Labelle MA, Dang-Vu TT, Petit D, Desautels A, Montplaisir J, Zadra A. J. Sleep Res. 2015; 24(6): 658-665.

Affiliation

Center for Advanced Research in Sleep Medicine, Hôpital du Sacré-Cœur, Montreal, Canada.

Copyright

(Copyright © 2015, European Sleep Research Society, Publisher John Wiley and Sons)

DOI

10.1111/jsr.12315

PMID

26087833

Abstract

Sleepwalkers often complain of excessive daytime somnolence. Although excessive daytime somnolence has been associated with cognitive impairment in several sleep disorders, very few data exist concerning sleepwalking. This study aimed to investigate daytime cognitive functioning in adults diagnosed with idiopathic sleepwalking. Fifteen sleepwalkers and 15 matched controls were administered the Continuous Performance Test and Stroop Colour-Word Test in the morning after an overnight polysomnographic assessment. Participants were tested a week later on the same neuropsychological battery, but after 25 h of sleep deprivation, a procedure known to precipitate sleepwalking episodes during subsequent recovery sleep. There were no significant differences between sleepwalkers and controls on any of the cognitive tests administered under normal waking conditions.
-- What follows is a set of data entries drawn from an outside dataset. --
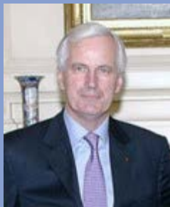
Author: Michel Barnier

This week the Robert Schuman Foundation has published a European Interview with Michel Barnier, European Commissioner for the Internal Market and Services. He presents the Commission's most recent proposals regarding the ratings agencies. To control some of the most dangerous banking activities he suggests, amongst other things, to set out a regulatory agenda. On the issue of the completion of the single market he lays down the principles of more innovative, greener, more inclusive growth that is richer in jobs. He finally mentions a modernisation of the SOLVIT network as well as the introduction of a single European patent.
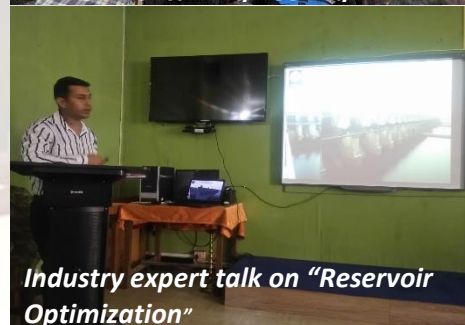
Industry expert talk on “Reservoir Optimization”
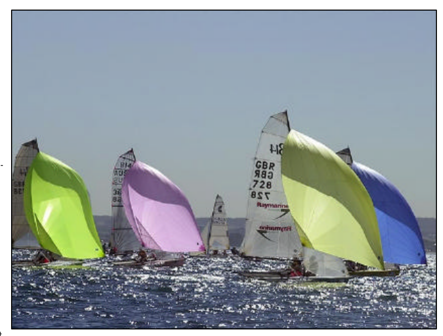
Nils & JB lead the fleet downwind

With two races scheduled for the final day the top four boats were separated by only 4 points. Fells suffered a drama at the start of race 9 when they were hit by a port tack boat placing them near the back of the fleet by the time they had extricated themselves. They kept their cool however to spot some pressure on the right side of the first, light wind, work which eased them up into 10th at the first mark. By utilising the tricky windshifts on the left side up the 2nd work, Fells moved into 2nd place at the end of the race ahead of the Bancroft's who finished 6th after they swam due to a buoy room dispute at the last mark.
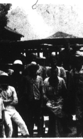
MEMBERS AND FRIENDS of Jefferies Cross Baptist Church who offered help in financial project. Among them are Dea-

Testing following sleep deprivation revealed significant impairment in sleepwalkers' executive functions related to inhibitory control, as they made more errors than controls on the Stroop Colour-Word Test and more commission errors on the Continuous Performance Test. Sleepwalkers' scores on measures of executive functions were not associated with self-reported sleepiness or indices of sleep fragmentation from baseline polysomnographic recordings. The results support the idea that sleepwalking involves daytime consequences and suggest that these may also include cognitive impairments in the form of disrupted inhibitory control following sleep deprivation. These disruptions may represent a daytime expression of sleepwalking's pathophysiological mechanisms.